§ **EXCERPTED DATA**
◆ ◆ ◆

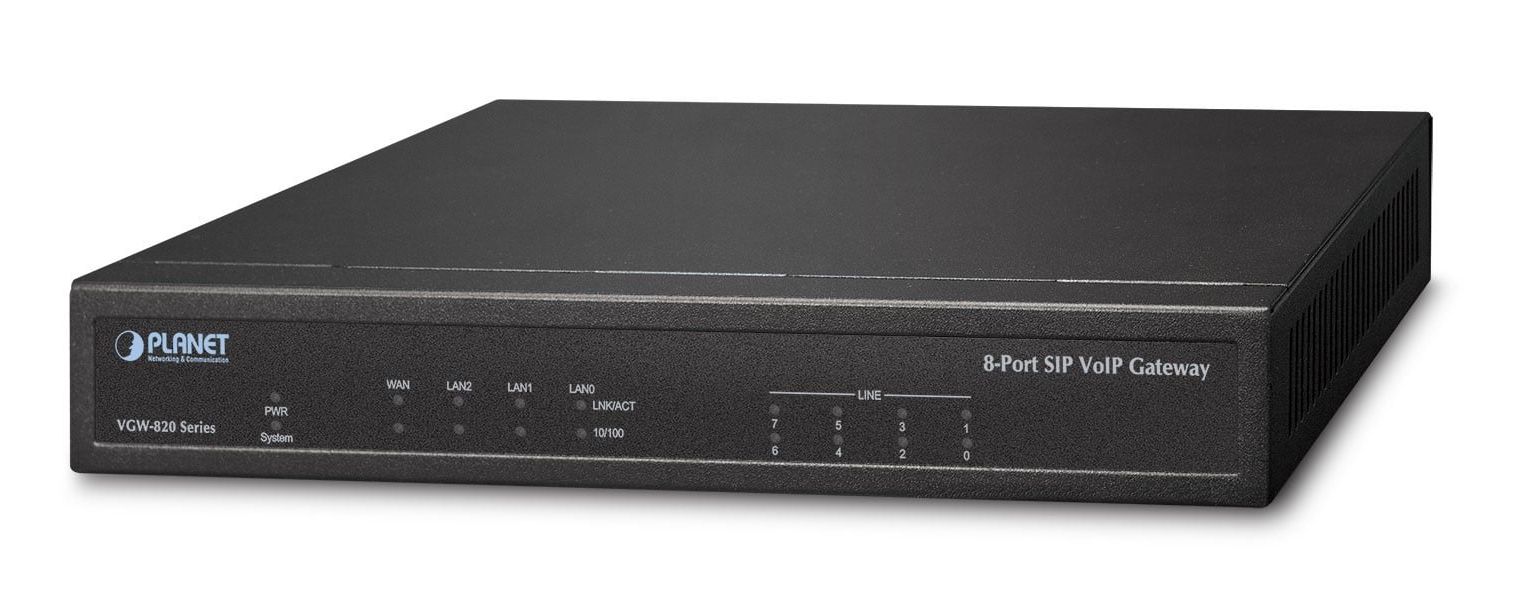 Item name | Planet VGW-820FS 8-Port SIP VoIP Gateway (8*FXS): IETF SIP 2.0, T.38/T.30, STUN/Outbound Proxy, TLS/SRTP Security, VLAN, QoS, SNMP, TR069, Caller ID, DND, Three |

◆ ◆ ◆

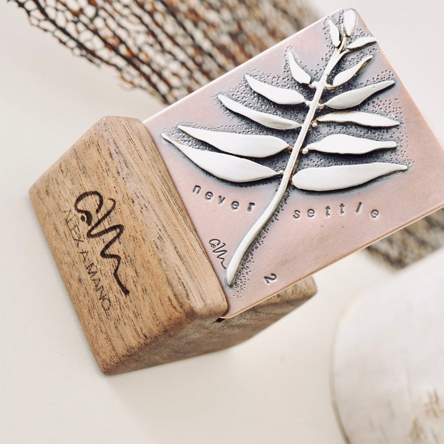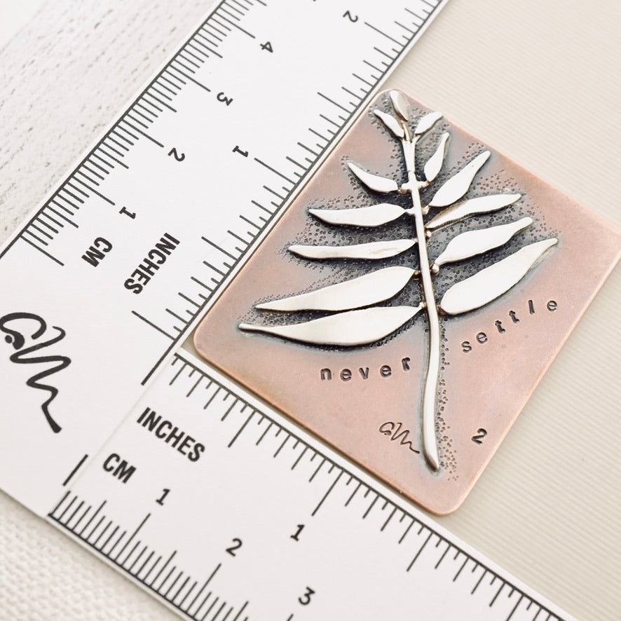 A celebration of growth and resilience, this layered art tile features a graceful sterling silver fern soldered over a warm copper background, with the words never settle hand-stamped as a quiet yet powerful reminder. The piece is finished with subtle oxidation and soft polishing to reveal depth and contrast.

◆ ◆ ◆

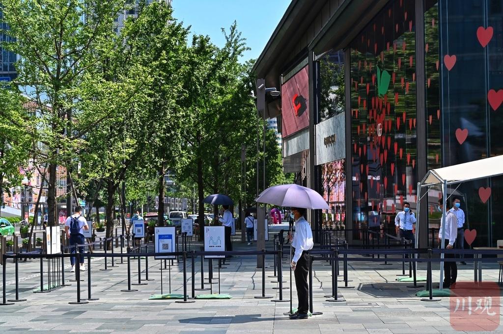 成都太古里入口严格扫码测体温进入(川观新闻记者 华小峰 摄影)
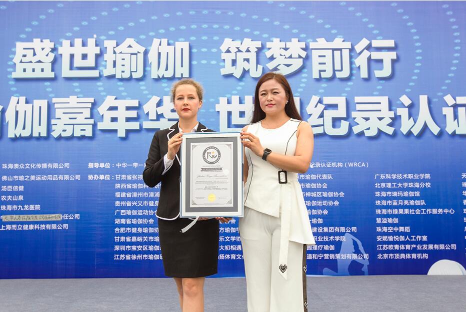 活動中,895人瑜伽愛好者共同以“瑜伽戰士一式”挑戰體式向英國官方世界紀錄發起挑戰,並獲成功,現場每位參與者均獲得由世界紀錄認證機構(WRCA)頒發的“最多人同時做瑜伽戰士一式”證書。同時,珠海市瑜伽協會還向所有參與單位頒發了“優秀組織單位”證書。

◆ ◆ ◆

§ **HOW TO COMPLETE THIS TASK**
Word for word, restate the lines above from the one with "成都太古里入口严格扫码测体温进入(川观新闻记者 华小峰 摄影)" through the one with "活動中,895人瑜伽愛好者共", keeping both ends and dropping the pictures.

§ **SOLVED PROBLEM**
 成都太古里入口严格扫码测体温进入(川观新闻记者 华小峰 摄影)
 活動中,895人瑜伽愛好者共同以“瑜伽戰士一式”挑戰體式向英國官方世界紀錄發起挑戰,並獲成功,現場每位參與者均獲得由世界紀錄認證機構(WRCA)頒發的“最多人同時做瑜伽戰士一式”證書。同時,珠海市瑜伽協會還向所有參與單位頒發了“優秀組織單位”證書。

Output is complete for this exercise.